Supplied data:
'''

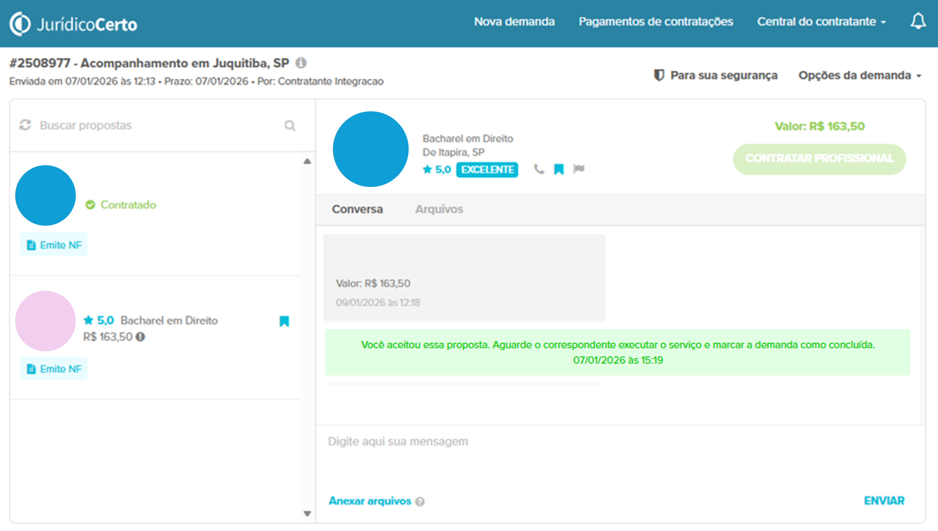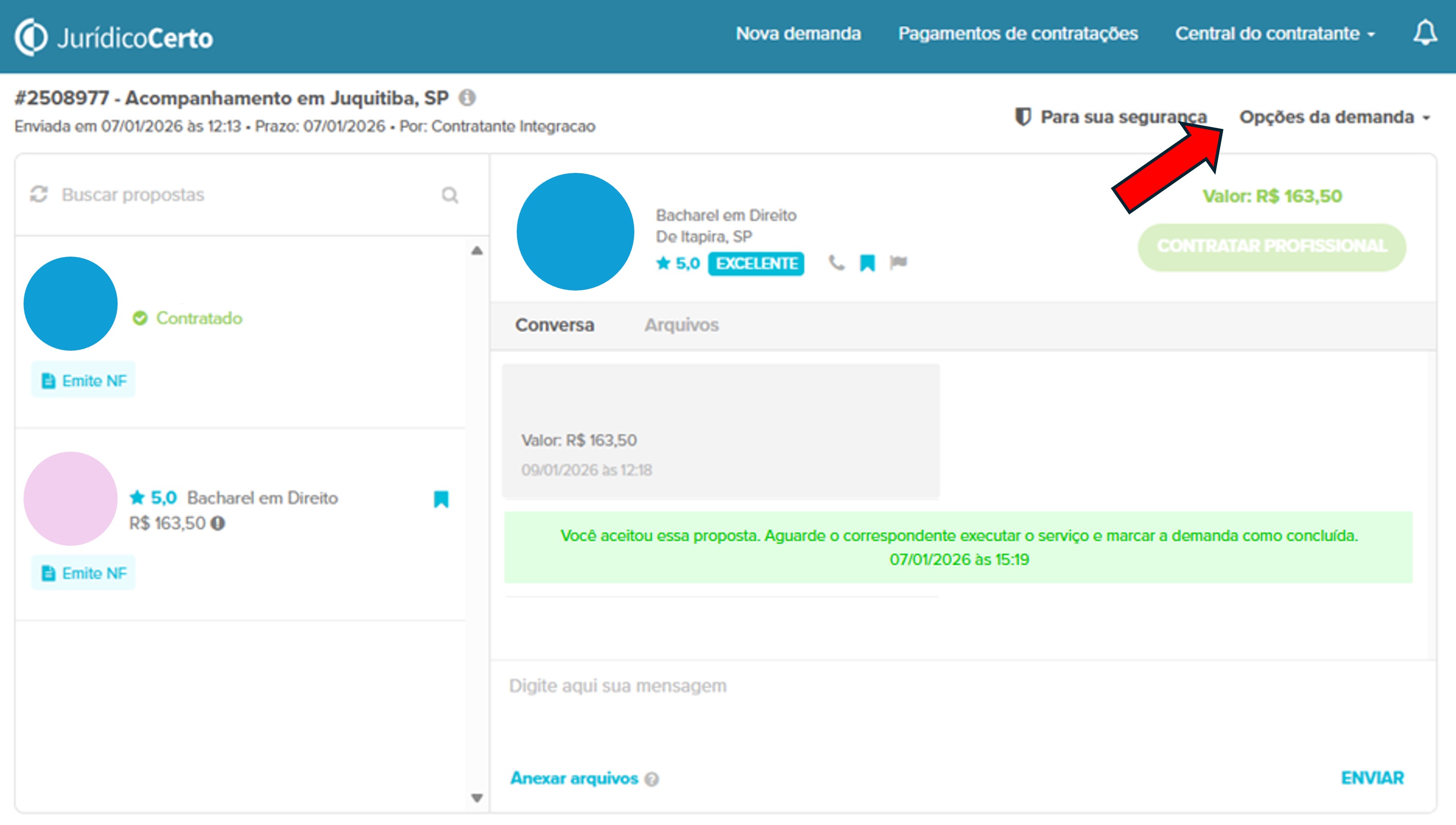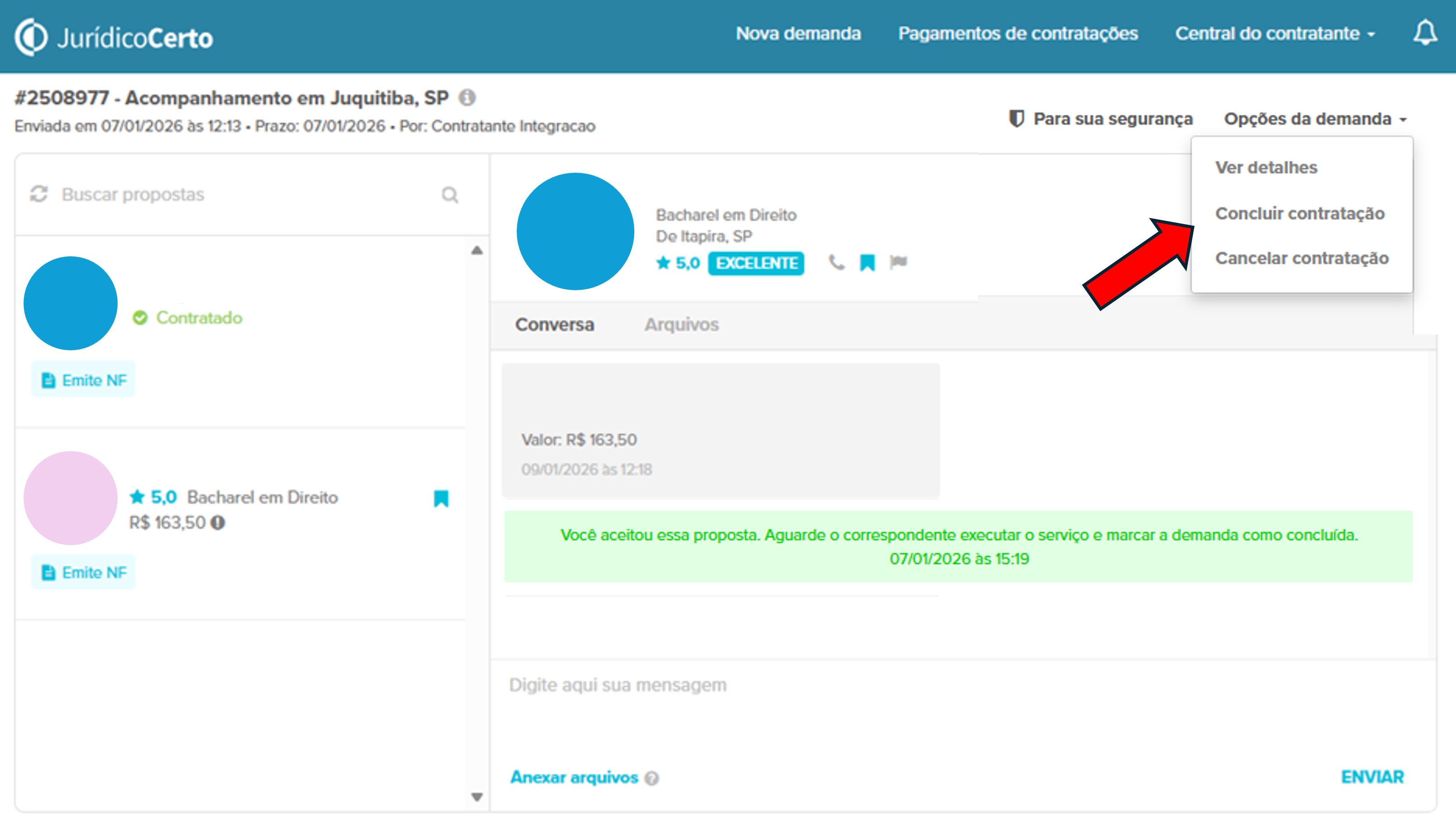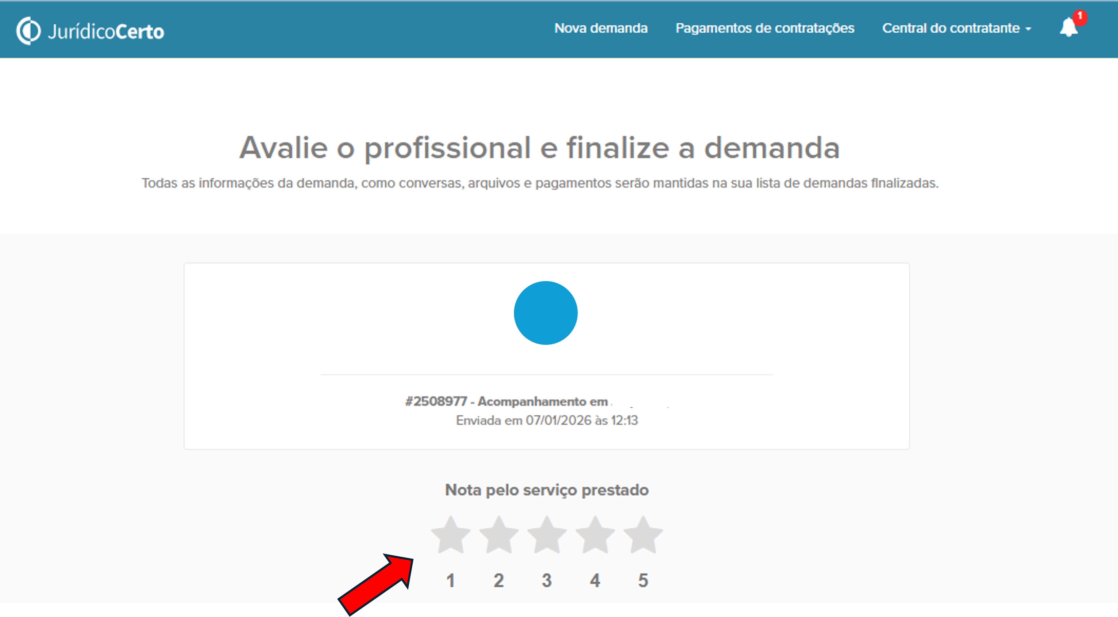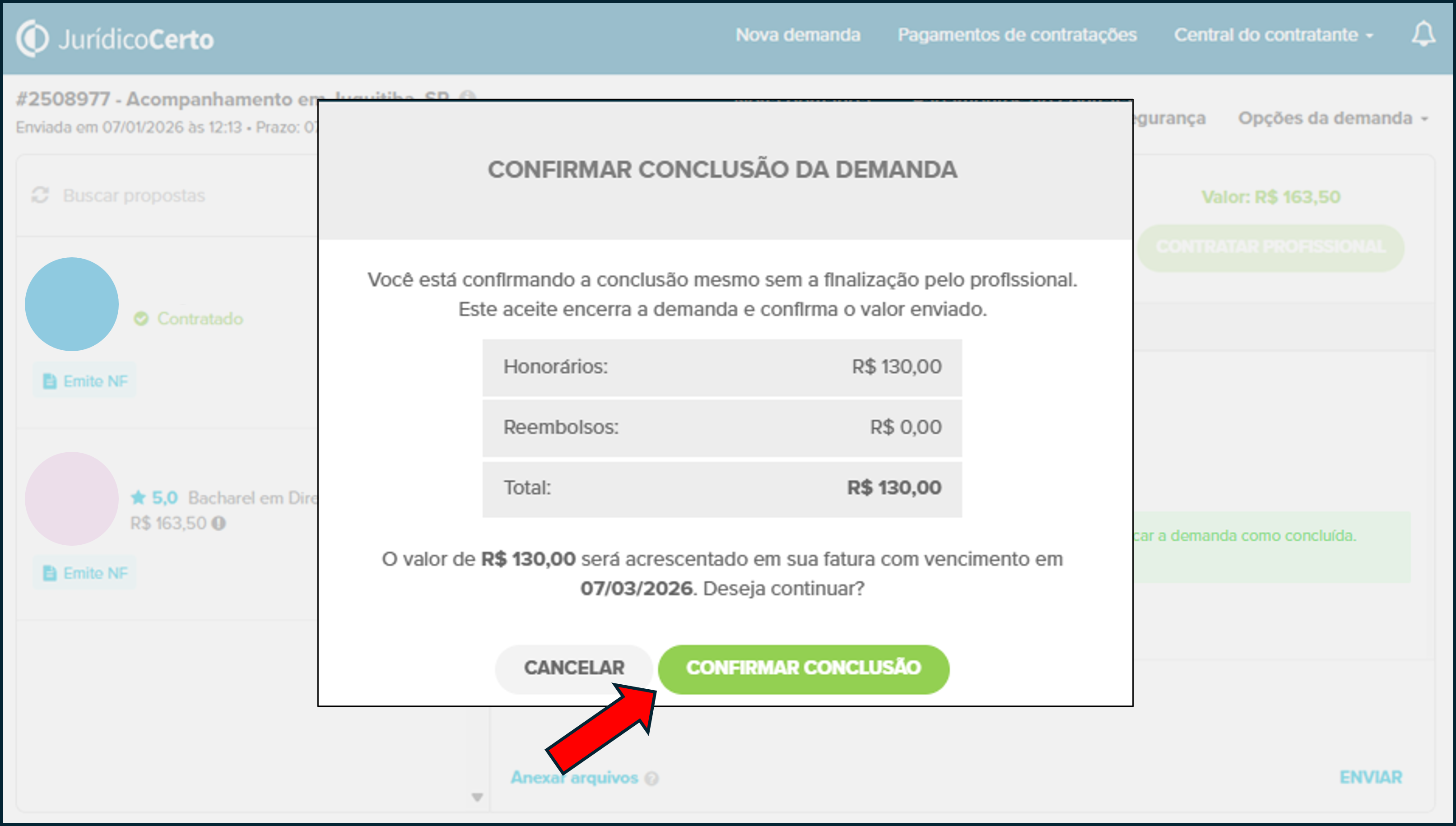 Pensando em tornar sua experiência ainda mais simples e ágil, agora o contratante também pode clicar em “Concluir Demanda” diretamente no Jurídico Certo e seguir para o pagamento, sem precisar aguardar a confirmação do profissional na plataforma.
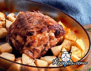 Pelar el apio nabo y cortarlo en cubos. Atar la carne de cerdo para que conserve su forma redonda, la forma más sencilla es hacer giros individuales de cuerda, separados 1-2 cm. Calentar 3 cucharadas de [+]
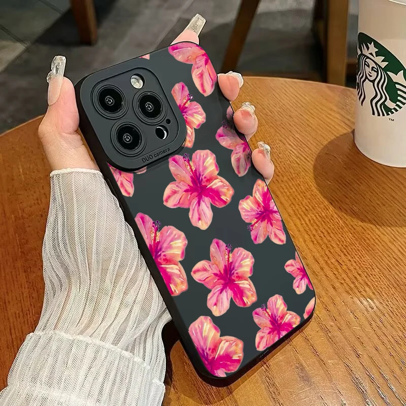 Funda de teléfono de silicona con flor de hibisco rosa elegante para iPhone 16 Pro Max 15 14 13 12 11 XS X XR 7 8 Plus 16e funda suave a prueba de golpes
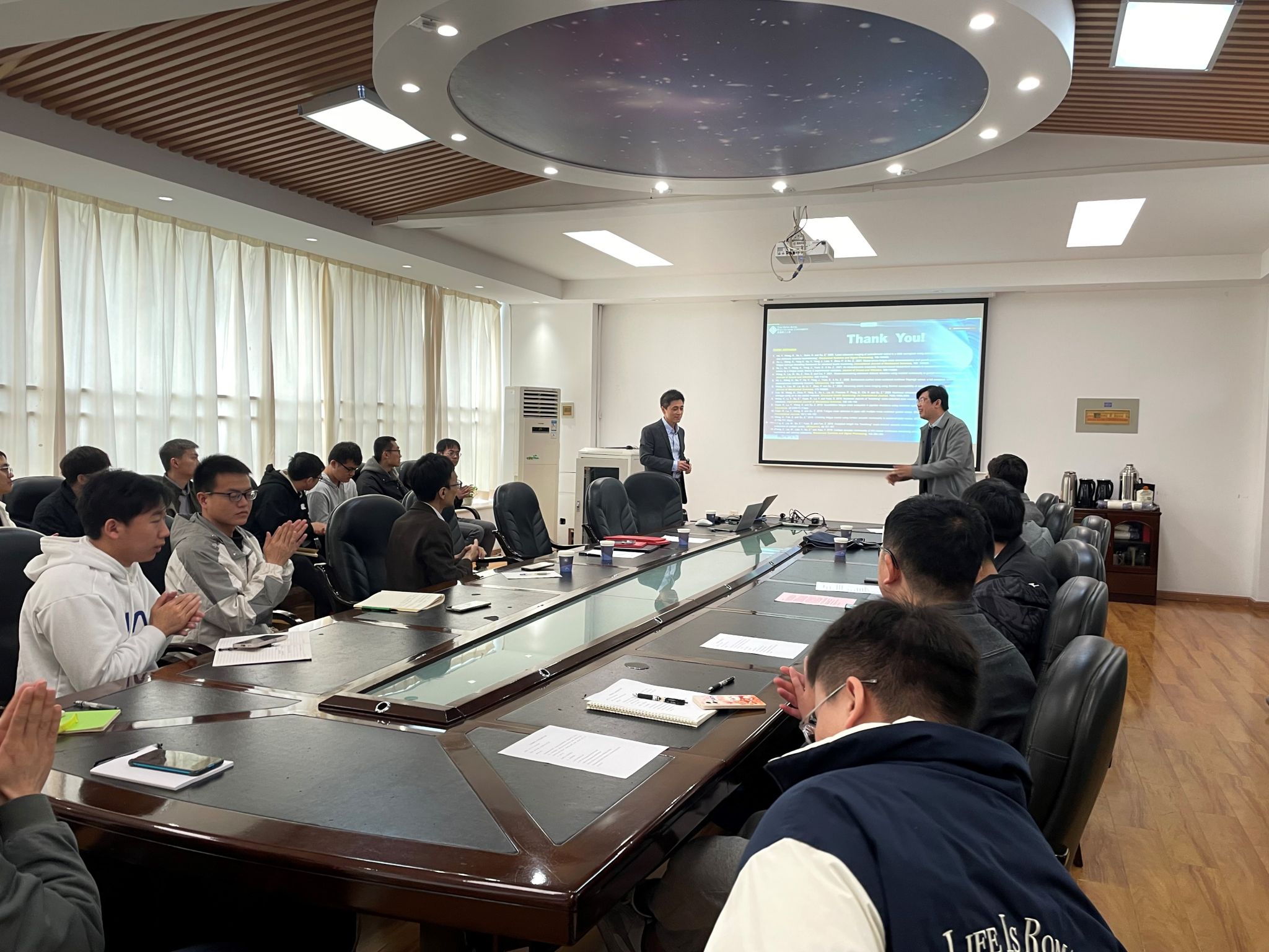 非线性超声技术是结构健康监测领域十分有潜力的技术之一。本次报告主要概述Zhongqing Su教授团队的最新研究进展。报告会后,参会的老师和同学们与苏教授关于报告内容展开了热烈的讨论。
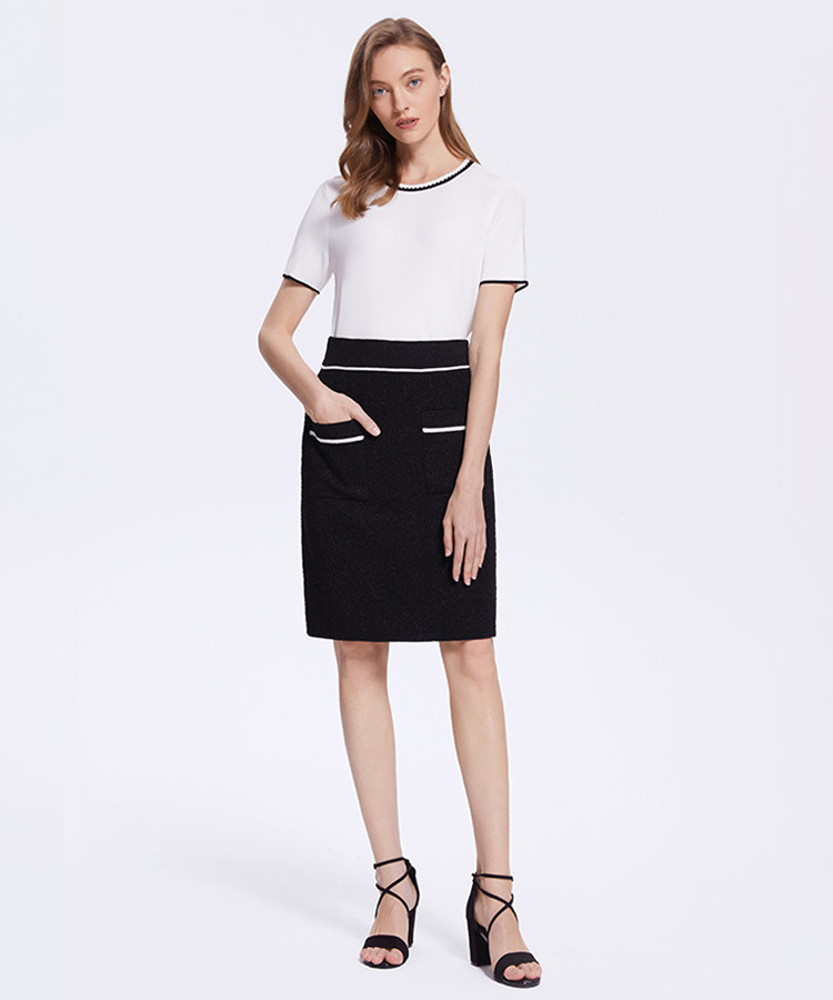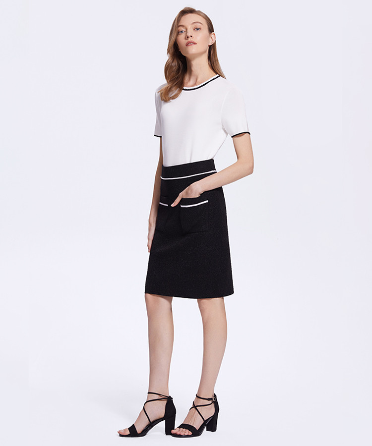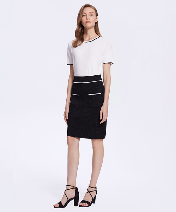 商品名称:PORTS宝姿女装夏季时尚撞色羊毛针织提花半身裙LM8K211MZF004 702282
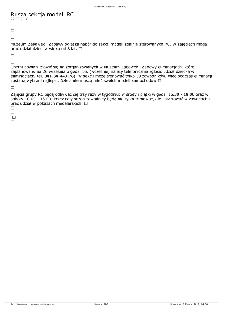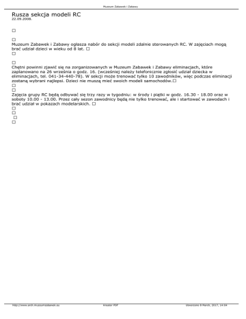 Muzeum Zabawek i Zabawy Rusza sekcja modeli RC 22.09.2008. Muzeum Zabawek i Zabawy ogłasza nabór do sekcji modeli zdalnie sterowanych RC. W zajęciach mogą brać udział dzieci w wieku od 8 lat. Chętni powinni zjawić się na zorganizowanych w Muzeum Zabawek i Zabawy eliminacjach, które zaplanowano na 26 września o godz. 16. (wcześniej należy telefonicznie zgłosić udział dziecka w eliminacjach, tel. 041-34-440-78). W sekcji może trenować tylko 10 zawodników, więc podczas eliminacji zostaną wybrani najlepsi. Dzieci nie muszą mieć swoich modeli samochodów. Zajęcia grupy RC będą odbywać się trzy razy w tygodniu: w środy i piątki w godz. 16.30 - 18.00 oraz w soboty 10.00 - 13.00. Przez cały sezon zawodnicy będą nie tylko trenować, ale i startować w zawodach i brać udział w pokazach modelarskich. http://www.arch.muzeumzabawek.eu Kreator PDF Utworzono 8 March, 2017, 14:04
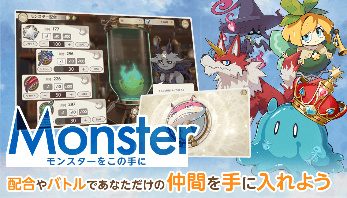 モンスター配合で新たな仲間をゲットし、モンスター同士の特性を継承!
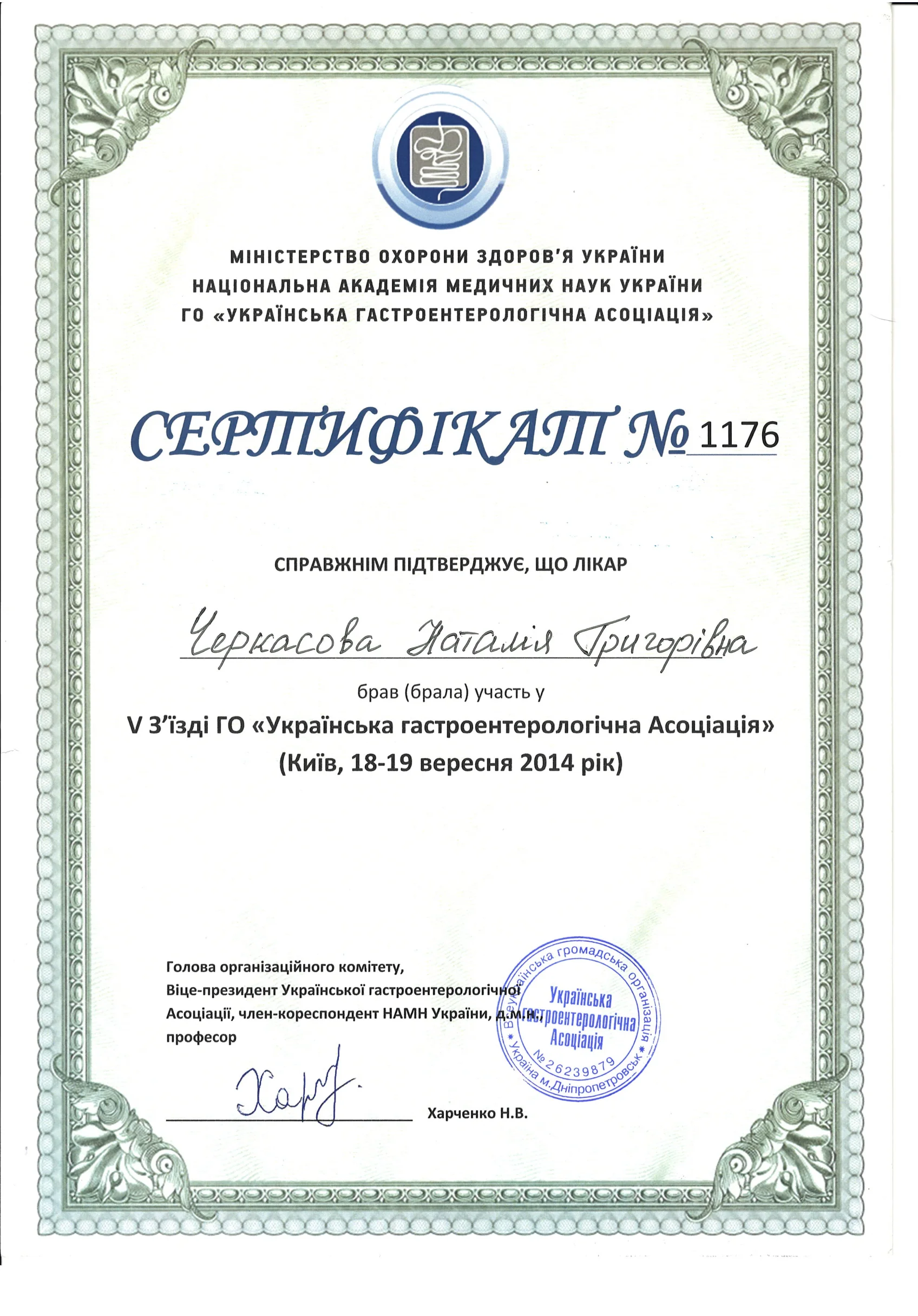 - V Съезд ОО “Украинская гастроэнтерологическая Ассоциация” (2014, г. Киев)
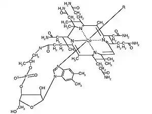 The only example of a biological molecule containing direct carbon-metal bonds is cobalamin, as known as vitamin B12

'''

What is needed:
How would the lines above read from the one with "Pelar el apio" to the one with "商品名称:PORTS宝姿女装", inclusive, with no pictures? Write them out exactly.

Finished task:
 Pelar el apio nabo y cortarlo en cubos. Atar la carne de cerdo para que conserve su forma redonda, la forma más sencilla es hacer giros individuales de cuerda, separados 1-2 cm. Calentar 3 cucharadas de [+]
 Funda de teléfono de silicona con flor de hibisco rosa elegante para iPhone 16 Pro Max 15 14 13 12 11 XS X XR 7 8 Plus 16e funda suave a prueba de golpes
 非线性超声技术是结构健康监测领域十分有潜力的技术之一。本次报告主要概述Zhongqing Su教授团队的最新研究进展。报告会后,参会的老师和同学们与苏教授关于报告内容展开了热烈的讨论。
 商品名称:PORTS宝姿女装夏季时尚撞色羊毛针织提花半身裙LM8K211MZF004 702282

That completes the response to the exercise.